256 Pa. 158 | Pa. | 1917
Opinion by
At the suit of certain creditors the Waynesburg Brewing Company, a corporation, was adjudged insolvent on the 7th day of February, 1912, and on the same day the court appointed a receiver to take over and administer the insolvent estate. Among other judgments which were existing liens upon the real estate of the company was a judgment standing in the name of the Union National Bank of Huntingdon, to the use of I. N. McNay, for the sum of three thousand dollars, which had priority of lien. Execution was outstanding on this judgment when the receiver was appointed; the real estate had been levied and a writ of venditioni exponas was in the sheriff’s hands when the execution was arrested by the court and the sheriff enjoined against proceeding with the "sale. The real estate encumbered as above was sold by the receiver May 21, 1913, under an order of sale granted April 8, 1912, and which had been continued from term to term. No writ of scire facias having been issued meanwhile on the Union National Bank judgment, its lien expired July 24,1912. Notwithstanding this fact, the court below in the proceeding-distributing the converted estate to and among the creditors, allowed this judgment its original priority, on the ground that having had priority of lien over the other judgments which were liens on the same property when the receiver was appointed, it retained such priority and no revival was required to this end, because on that day the property passed into the custody of the law and what transpired subsequently could neither modify nor enlarge the rights of creditors.
The argument advanced in support of the mistaken view adopted by the learned court itself rests on a mistake of law. There can be no authority for the position taken that the appointment of the receiver operated as a conversion of the real estate into personalty, and that the lien of the judgments then in full force was thereupon divested and the fund substituted for the land. The effort to distinguish between the cáse of voluntary assignment for the benefit of creditors, where the conversion takes place on the confirmation of the sale, and a receivership, is without force, since in both alike the conversion is by act of law, and the same rule must obtain with respect to each. “A conversion of real estate into personal estate by act of law, differs from a conversion by act of the party. In the latter case, when conversion is the object of the owner, the result is produced as soon as the contract of sale is made. In the former, where payment of debts or partition, and not conversion, is the object, the transmutation is but an unavoidable result of the proceeding,, and takes place only when the estate is completely vested in the vendee, and the purchase-money paid or secured.” Biggert’s Est., 20 Pa. 17.
No excuse avails for failure to revive a judgment in the way provided by statute, least of all the suggestion that the appointment of a receiver suspends such right.
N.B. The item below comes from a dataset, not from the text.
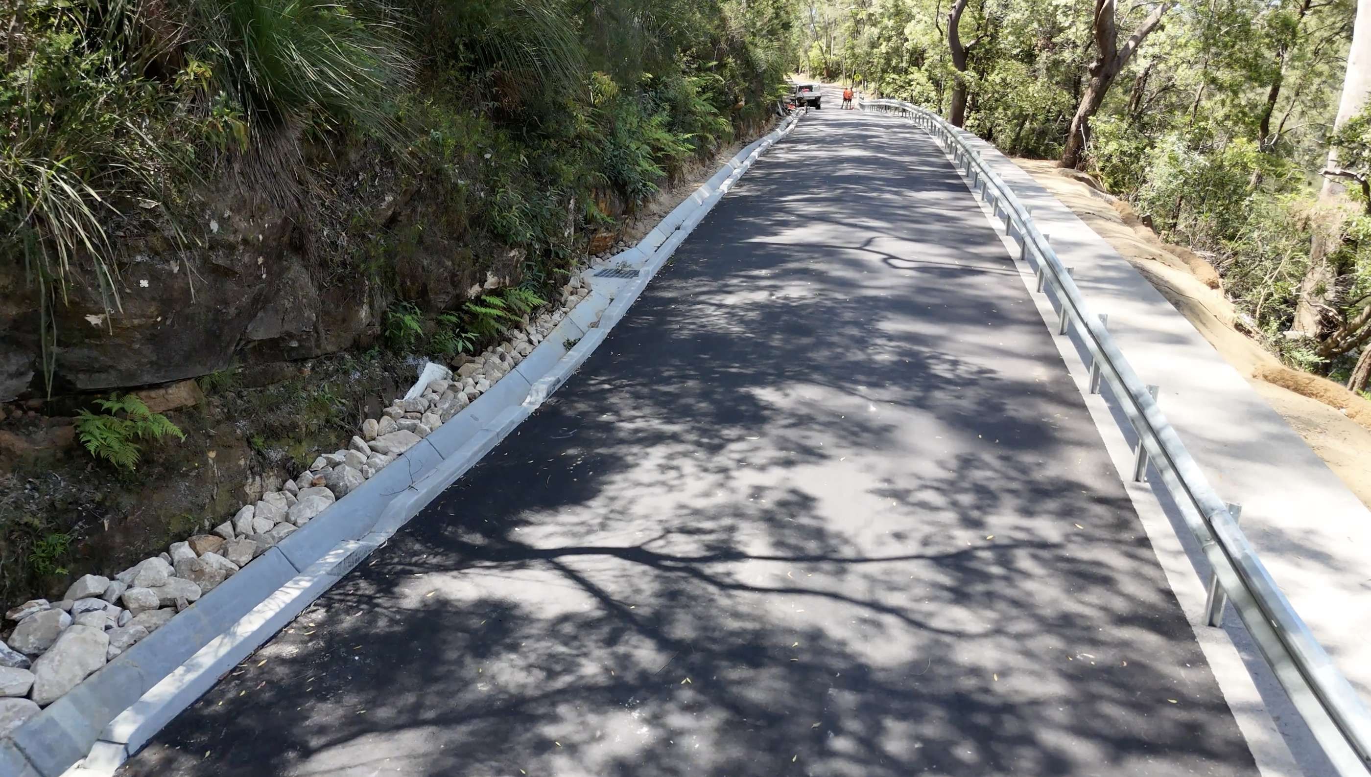 Drainage upgrades included subsoil drainage and energy-dissipating outlets to manage runoff and reduce erosion. Environmental controls such as floating silt curtains and sediment fencing were implemented, and disturbed areas were promptly revegetated with endemic species to enhance stability and minimise long-term environmental impacts.

It does not so operate. The object in issuing the scire facias is not to obtain a new lien, but to continue an existing one. The process interferes in no way with the possession of the property by the receiver, and the latter not being the owner of the property subject to the lien, is not a necessary party to the proceeding. “The judgment on the scire facias is not, as the court erroneously supposes, a new judgment giving vitality only from that time, but it is the revival of the original judgment, giving, or rather continuing, the vitality of the original judgment, with all its incidents, from the time of its
The judgment in the present case having expired in its lien before the confirmation of the sale made by the receiver, it lost its original priority, and it was error to allow it preference.
The decree is reversed with a procedendo.